电子邮件字符串:
can i buy a laptop<br><br>-- <br>
<div dir="ltr">
<div>
<div dir="ltr">
<div>
<div dir="ltr">
<div>
<div dir="ltr">
<div dir="ltr">
<p style="color:rgb(0,0,0);font-family:times;font-size:medium">
Some important Text/ Email Signature
</p>
</div>
</div>
</div>
</div>
</div>
</div>
</div>
</div><br>
需要的输出:
{
body: "can i buy a laptop",
Signature: "Some important Text/ Email Signature"
}
另一个问题是,电子邮件文本是动态的。也可能像这样:
<div dir="ltr">Can i buy a phone?<br clear="all">
<div><br>-- <br>
<div dir="ltr" class="gmail_signature" data-smartmail="gmail_signature">
<div dir="ltr"><span>
<div dir="ltr"><span style="color:rgb(136,136,136)"></span>
<div>
<div dir="ltr">
<div dir="ltr">
<div dir="ltr">
<div> Some Important Divs</div>
</div>
</div>
</div>
</div>
</div>
</span></div>
</div>
</div>
</div>
因此不能真正通过'ltr'标签确定。
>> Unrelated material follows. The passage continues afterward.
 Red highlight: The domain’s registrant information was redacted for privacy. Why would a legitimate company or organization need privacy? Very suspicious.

到目前为止,我一直使用ltr标签提取第一部分,并使用gmail_signature进行签名。
soup = BeautifulSoup(emailText, 'html.parser')
mainbody = soup.find('div', {'dir': 'ltr'})
if mainbody is not None:
texts = [t for t in mainbody.contents if isinstance(t, NavigableString)]
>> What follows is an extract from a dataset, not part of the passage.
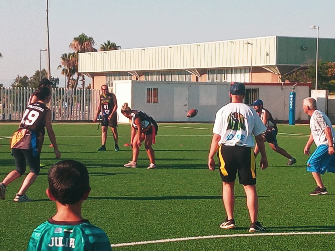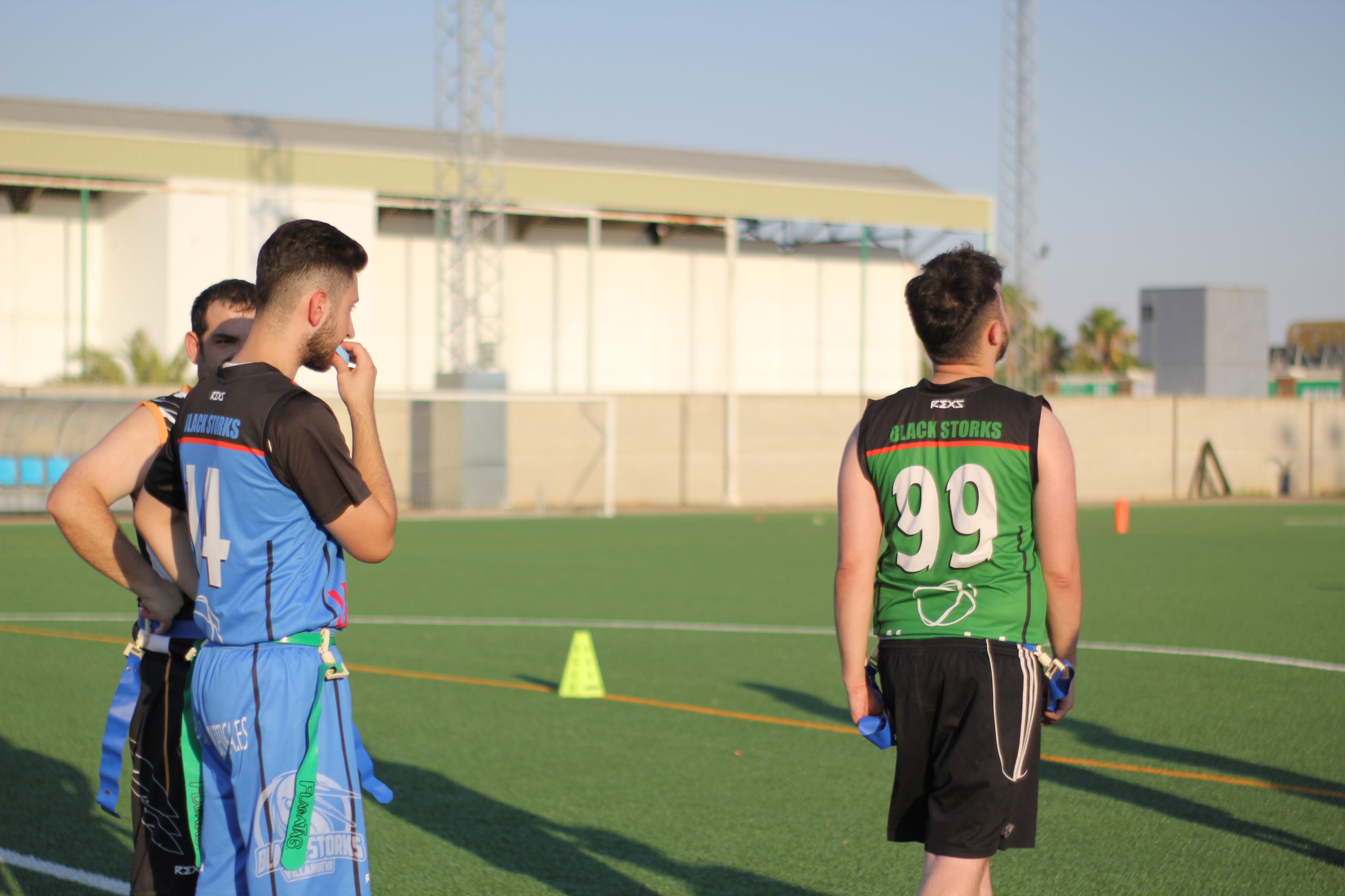 El equipo con familiares de la jugadora Yakira Rodríguez, un grupo prácticamente completo de habitantes del pueblo cercano de Entrerríos, los Entrerríos Sons of Death. Algunos pequeños dirigiendo a los grandes como el equipo de Fermín García de Black Storkcitos, con Ángel García de QB y Alfonso Ruiz que volvía de su lesión o Juan Gallego de receptores. O lo más esperado de este quinto aniversario, el intento que hicimos por vivir un reencuentro con jugadores que han pasado por nuestro club en los últimos años. Ángela Loné dirigió muy bien al equipo de Old School Storks, donde pudimos reencontrarnos con Juanan, Juanfran, Juanjo “JJ” o Luismi. Una pena todos aquellos que querían y finalmente les fue imposible venir al torneo.

print('Mainbody: ', mainbody)
print('Texts: ', texts)
if len(texts) != 0:
for idx,txt in enumerate(texts):
allText += txt
if idx != len(texts):
allText += "\n"
quotes = soup.find('div', {'class': 'gmail_quote'})
if quotes is not None:
for div in quotes:
replies += " " + div.text
# replies = replies.replace("\n", "")
replies = replies.replace("\r", "")
replies = re.sub(' +', ' ',replies)
答案 0 :(得分:1)
尝试: 第二个例子:
import requests
from bs4 import BeautifulSoup
data=dict()
html_page = """<div dir="ltr">Can i buy a phone?<br clear="all">
<div><br>-- <br>
<div dir="ltr" class="gmail_signature" data-smartmail="gmail_signature">
<div dir="ltr"><span>
<div dir="ltr"><span style="color:rgb(136,136,136)"></span>
<div>
<div dir="ltr">
<div dir="ltr">
<div dir="ltr">
<div> Some Important Divs</div>
</div>
</div>
</div>
</div>
</div>
</span></div>
</div>
</div>
</div>"""
soup = BeautifulSoup(html_page, 'html.parser')
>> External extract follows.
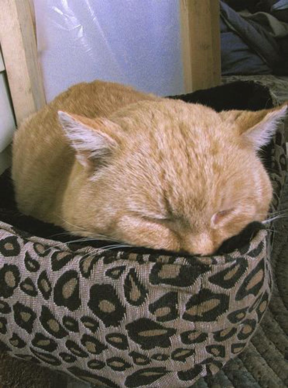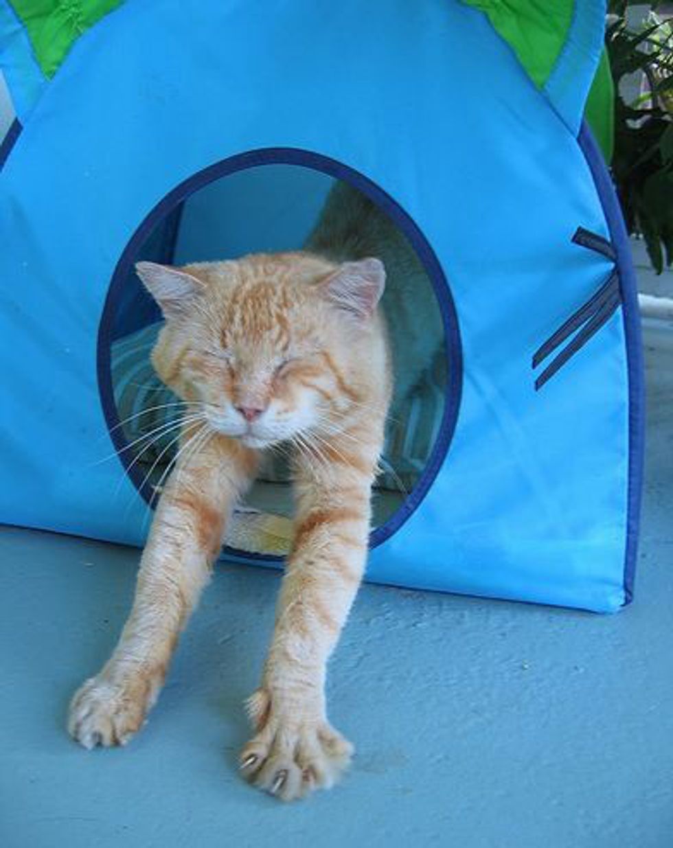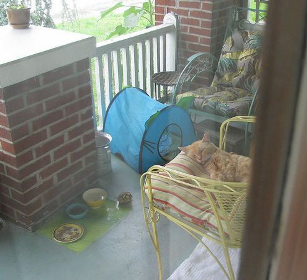 The second & third winters I enclosed half of the porch to provide him with a warm, dry shelter over the winter. It works out very well. He loves his "apartment;" it has a cat door. I spend time with him every single day, at least twice a day, sometimes napping with him on his favorite cot in the "apartment." He jumps up there with me and plops down on my head, purring like a giant lawnmower. He rubs his big fat cheeks on my face and makes little sounds to show his appreciation and affection for me. To me that makes it all worthwhile.

text = soup.find_all(text=True)
output = ''
blacklist = [
#'[document]',
#'noscript',
#'header',
'html',
#'meta',
#'head',
#'input',
#'script',
# there may be more elements you don't want, such as "style", etc.
]
for t in text:
if t.parent.name not in blacklist:
output += '{} '.format(t)
if "--" in output:
res=output.replace("\n","").split("--")
else:
res=output.replace("\n","").split("Best Regards ")
data["body"]=res[0]
data["signature"]=res[1].strip()
print(data)
输出:
{'body': 'Can i buy a phone? ', 'signature': 'Some Important Divs'}
第一个:
import requests
from bs4 import BeautifulSoup
data=dict()
html_page = """can i buy a laptop<br><br>-- <br>
<div dir="ltr">
<div>
<div dir="ltr">
<div>
<div dir="ltr">
<div>
<div dir="ltr">
<div dir="ltr">
<p style="color:rgb(0,0,0);font-family:times;font-size:medium">
Some important Text/ Email Signature
</p>
</div>
</div>
</div>
</div>
</div>
</div>
</div>
</div><br>"""
soup = BeautifulSoup(html_page, 'html.parser')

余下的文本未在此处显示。